COVID In Colorado: Middle School Students Join Experts In Mask Study
AURORA, Colo. (CBS4) - Researchers at the Colorado School of Public Health are investing resources their energy into Colorado schools. They hope a new COVID study will not only result in safer hallways, but a larger impact when it comes to detection of respiratory illnesses across the world.
"I kept thinking what we needed to do was to capture that breath and see how infectious people are," said Dr. May Chu, a Clinical Professor in Department of Epidemiology at the Colorado School of Public Health.
Chu is also a Senior Investigator at the Center for Global Health and is used to studying infectious diseases across the globe and when she realized SARS COVID-2 was transmitted through the air, saw an opportunity to detect it in asymptomatic people through mask wearing.
"The University of Lester in the UK was using test strips to identify types of drug resistant tuberculosis in patients in South Africa with better accuracy and specificity," she said.
Chu knew she could do the same without traveling very far. She and colleague Dr. Thomas Jaenisch, an associate professor in epidemiology at the Colorado School of Public Health, teamed up to create a mask strip study specific to detecting COVID and its variants.
In need of volunteers, researchers initially began with college students but soon found with COVID fatigue, the willingness to participate was low.

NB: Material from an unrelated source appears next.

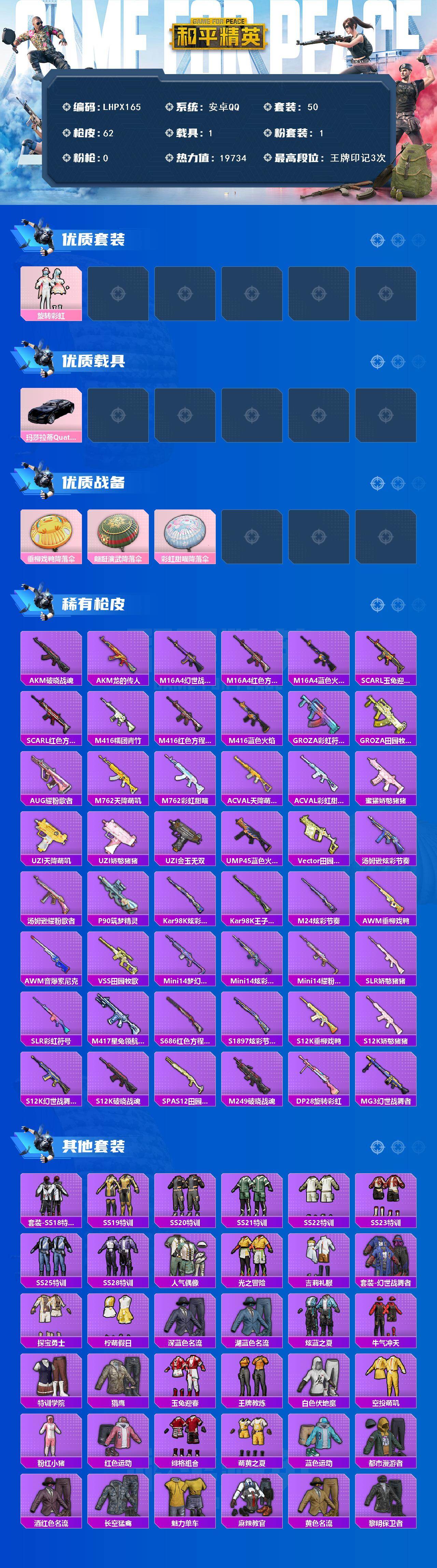 [15223272]【店主推荐捡漏号!可直接换绑】安卓 手Q-1粉装-0特效枪-1载具-0粉色飞行器-19734热力值-3王牌印记-50套装-62枪皮 【热门品类】:套装-粉红小猪 【粉色套装】:粉装-旋转彩虹 【粉色载具】:玛莎拉蒂Quattroporte(夜幕蓝) 【粉色降落伞】:垂柳戏鸭降落伞,翩跹演武降落伞,彩虹甜喵降落伞 【稀有枪皮】:AKM-破晓战魂,AKM-龙的传人,M16A4-幻世战舞者,M16A4-红色方程式,M16A4-蓝色火焰,SCAR-L-玉兔迎春,SCAR-L-红色方程式,M416-糯团青竹,M416-红色方程式,M416-蓝色火焰,GROZA-彩虹符号,GROZA-田园牧歌,AUG-耀粉歌者,M762-天降萌叽,M762-彩虹甜喵,AC-VAL-天降萌叽,AC-VAL-彩虹甜喵,蜜獾-娇憨猪猪,UZI-天降萌叽,UZI-娇憨猪猪,UZI-金玉无双,UMP45-蓝色火焰,Vector-田园牧歌,汤姆逊-炫彩节奏,汤姆逊-耀粉歌者,P90-筑梦精灵,Kar98K-炫彩节奏,Kar98K-王子的夏天,M24-炫彩节奏,AWM-垂柳戏鸭,AWM-音爆索尼克,VSS-田园牧歌,Mini14-梦幻火箭,Mini14-炫彩节奏,Mini14-耀粉歌者,SLR-娇憨猪猪,SLR-彩虹符号,M417-星兔领航员,S686-红色方程式,S1897-炫彩节奏,S12K-破晓战魂,S12K-垂柳戏鸭,S12K-娇憨猪猪,S12K-幻世战舞者,SPAS-12-田园牧歌,M249-破晓战魂,DP-28-旋转彩虹,MG3-幻世战舞者 【其他套装】:套装-SS18特训,套装-SS19特训,套装-SS20特训,套装-SS21特训,套装-SS22特训,套装-SS23特训,套装-SS25特训,套装-SS28特训,套装-人气偶像,套装-光之冒险,套装-吉莉礼服,套装-幻世战舞者,套装-探宝勇士,套装-柠萌假日,套装-深蓝色名流,套装-湖蓝色名流,套装-炫蓝之夏,套装-牛气冲天,套装-特训学院,套装-猎鹰,套装-玉兔迎春,套装-王牌教练,套装-白色伏地魔,套装-空投萌叽,套装-粉红小猪,套装-红色运动,套装-绯格组合,套装-萌黄之夏,套装-蓝色运动,套装-都市漫游者,套装-酒红色名流,套装-长空猛禽,套装-魅力单车,套装-麻辣教官,套装-黄色名流,套装-黎明保卫者,套装-黑色伏地魔,套装-龙的传人

For students at the Aurora Science & Tech Middle School, it was a great opportunity.
"So we kind of went from college students to middle schools," said Jaenisch. "It's always the same question, how can we find out who is transmitting and what are the risk factors around who is transmitting more than others, and this is kind of why we want to tease apart that kind of testing and wearing masks because they represent two different sides of the same coin, being infected yourself versus also being infectious to others."
The students wear the mask in the morning and turn it in along with a nasal swab for comparison at lunch.
"It's been really wonderful because this has allowed us to identify asymptomatic members of our community," said Principal Rebecca Bloch.
While the strip is a PCR test, eventually, the goal is to have a strip in the masks that changes color.
"If we could do these measurements we'll be able to come up with some metrics, you know, maybe standard metrics in which then we know what to do going forward, because I'm sure we're gonna have more and more SARS Coronavirus-2 variants," Chu said. "Whether they're more infectious or more spreadable we don't know, but I think we have bought ourselves perhaps a little lull time after this last big surge that we should be prepared for the next one."
While there are still mask mandates in schools, researchers plan to move the study into elementary schools and pair their mask strip study with one additional, important component.
"Which is a researcher from Boulder, Mark Hernandez who is an engineer and he's working on air quality and air filtration in schools and he has that going with DPS in the elementary schools and he was looking for a partner who could actually read out the human component so the infection status in humans and then correlate it with which rooms have the best air filtration, and air turn around and air quality," Jaenisch said. "That's the next step for us, we have invited him to join us in the middle school here at Aurora Science and Tech, and he has invited us to join his schools that he's already working with in DPS And we just got permission that we could continue with that."
Right now, both researchers say the most important thing is for people to get.
"Right now there's free testing for K-12 schools offered by CDPHE and also offered by COVID check Colorado who is a partner in our study," said Chu.
Chu says only about one percent of schools in Colorado are signed up for the free program.
"This free weekly testing and so it's gonna be really hard to know what the community level is if you don't test," she said.